CD²-pFed: Cyclic Distillation-guided Channel Decoupling for Model Personalization in Federated Learning
Introduction
Federated learning suffers from the statistical heterogeneity between participating institutions’ datasets, incuring convergence slowdown and loss in performance of trained models compared to centralized training. In this context, federated personalization methods imply training one specialized model per institution while benefitting from the collaboration with others. The others propose a novel personalization method for classification based on the definition of federated and local weights in each layer of a convolutional neural network.
Channel decoupling
Contrarily to known methods choosing which layers of a convolutional network to federate and which to keep local, the authors propose a vertical split, with federated and private weights in each layer.
Progressive personalization
The proportion of weights per layer kept local is noted \(p\).
- Equivalent to Fedavg when p = 0 (no personalization),
- Equivalent to local training when p = 1 (no communication).
The authors propose to progressively increase the amount of parameters kept local during training, following a linear growth from 0 to a maximal amount of personalization \(p\) as a proof of concept, while complex schemes such as cosine annealing could be studied.
Cyclic distillation
For an institution \(k\), let’s note \(w^s_k\) the shared parameters of its model, and \(w^l_k\) its private parameters. Each set of parameters defines a subnetwork, with \(w_k := (w^s_k, w^l_k)\) the complete personalized model.

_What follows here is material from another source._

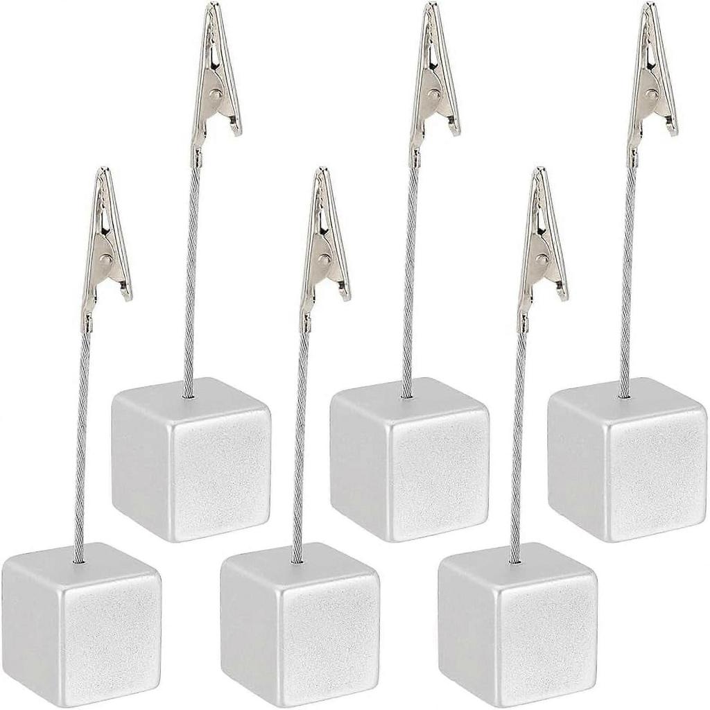 Square Base Resin Memo Holders with Steel Wires & Iron Alligator Clip Silver 115mm

Given a local sample \(x_k\) with label \(y_k\), let’s note \(\tilde{y}_k, \tilde{y}_k^s, \tilde{y}_k^l\) the prediction made with the full network, the shared subnetwork and the private subnetwork respectively.
In addition to the classical cross entropy loss, a knowledge self-distillation loss is added as the symmetric KL divergence between logits of both subnetworks
\[L_{CD} = \frac{1}{2}(KL(\tilde{y}_k^s, \tilde{y}_k^l) + KL(\tilde{y}_k^l, \tilde{y}_k^s))\]This process is similar to the paradigm of inplace distillation, distilling knowledge from a complete network into contained small subnetworks to boost performances.
Local temporal weight averaging
To stabilize local training, they use an “exponential moving average” for their local weight update at local epoch \(t\) with a ramping \(\beta_t\) to a maximum value \(\beta\).
\[w_k^{t} = \beta_tw_k'^{t} + (1-\beta_t)w_k^{t-1}\]Experiments
They experiment their method on a variety of tasks.
- Local: the sample origin is known, and the correct personalized model is used,
- New: the sample origin is unknown, and an ensemble of personalized models is used,
- External: the sample originates from a non participating institution, and ensemble of personalized models is used.
CIFAR-10 with a small amount of class per institution
CIFAR-100 with a small amount of class per institution
FLICKR-AES, a personal photo ranking dataset partitioned by album (implying a concept shift)
HISTO-FED, consisting of both public and private hematoxylin and eosin stained histological whole-slide images of human colorectal cancer and normal tissue (implying a strong feature shift).
Conclusion
The authors proposed a new type of parameter splitting in personalized federated learning, accompanied by several training tricks improving the performance. They tested their method on several relevant heterogeneous federated datasets for classification, showing the interest of the method.